Characterizing the dynamics of functionally relevant complexes of formate dehydrogenase.

机构信息

Department of Chemistry and Optical Science and Technology Center, University of Iowa, Iowa City, IA 52242, USA.

出版信息

Proc Natl Acad Sci U S A. 2010 Oct 19;107(42):17974-9. doi: 10.1073/pnas.0912190107. Epub 2010 Sep 27.

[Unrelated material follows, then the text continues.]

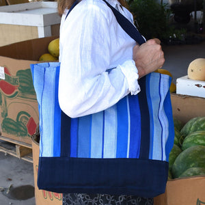 You'll find rich shades of blues in our Stormy Blue Market Tote -- a practical and stylish solution to the zero waste challenge for all your shopping. Good looking, lightweight, and roomy, it will accompany you to the farmer’s market or to your favorite vintage dress shop. Handwoven in a sturdy cotton, it has been designed with 2 convenient straps. Use the longer strap over your shoulder or pick up the tote by the short straps to carry in your hands. The base and straps are a coordinating navy canvas.

DOI:10.1073/pnas.0912190107
PMID:20876138
原文链接:https://pmc.ncbi.nlm.nih.gov/articles/PMC2964212/
Abstract

The potential for femtosecond to picosecond time-scale motions to influence the rate of the intrinsic chemical step in enzyme-catalyzed reactions is a source of significant controversy. Among the central challenges in resolving this controversy is the difficulty of experimentally characterizing thermally activated motions at this time scale in functionally relevant enzyme complexes. We report a series of measurements to address this problem using two-dimensional infrared spectroscopy to characterize the time scales of active-site motions in complexes of formate dehydrogenase with the transition-state-analog inhibitor azide (N(3)(-)). We observe that the frequency-frequency time correlation functions (FFCF) for the ternary complexes with NAD(+) and NADH decay completely with slow time constants of 3.2 ps and 4.6 ps, respectively. This result suggests that in the vicinity of the transition state, the active-site enzyme structure samples a narrow and relatively rigid conformational distribution indicating that the transition-state structure is well organized for the reaction. In contrast, for the binary complex, we observe a significant static contribution to the FFCF similar to what is seen in other enzymes, indicating the presence of the slow motions that occur on time scales longer than our measurement window.

摘要

飞秒到皮秒时间尺度的运动影响酶催化反应固有化学步骤速率的潜力是一个存在重大争议的来源。在解决这一争议的核心挑战中,难以在功能相关的酶复合物中实验表征此时间尺度的热激活运动。我们报告了一系列使用二维红外光谱进行的测量,以解决该问题,用于在甲酸脱氢酶与过渡态类似物抑制剂叠氮化物(N(3)(-))的复合物中表征活性部位运动的时间尺度。我们观察到具有 NAD(+)和 NADH 的三元复合物的频-频时间相关函数(FFCF)以缓慢的时间常数 3.2 ps 和 4.6 ps 完全衰减。这一结果表明,在过渡态附近,活性部位酶结构以窄且相对刚性的构象分布进行采样,表明过渡态结构为反应组织良好。相比之下,对于二元复合物,我们观察到与在其他酶中看到的类似的 FFCF 中的显著静态贡献,表明存在比我们的测量窗口更长时间尺度上的缓慢运动。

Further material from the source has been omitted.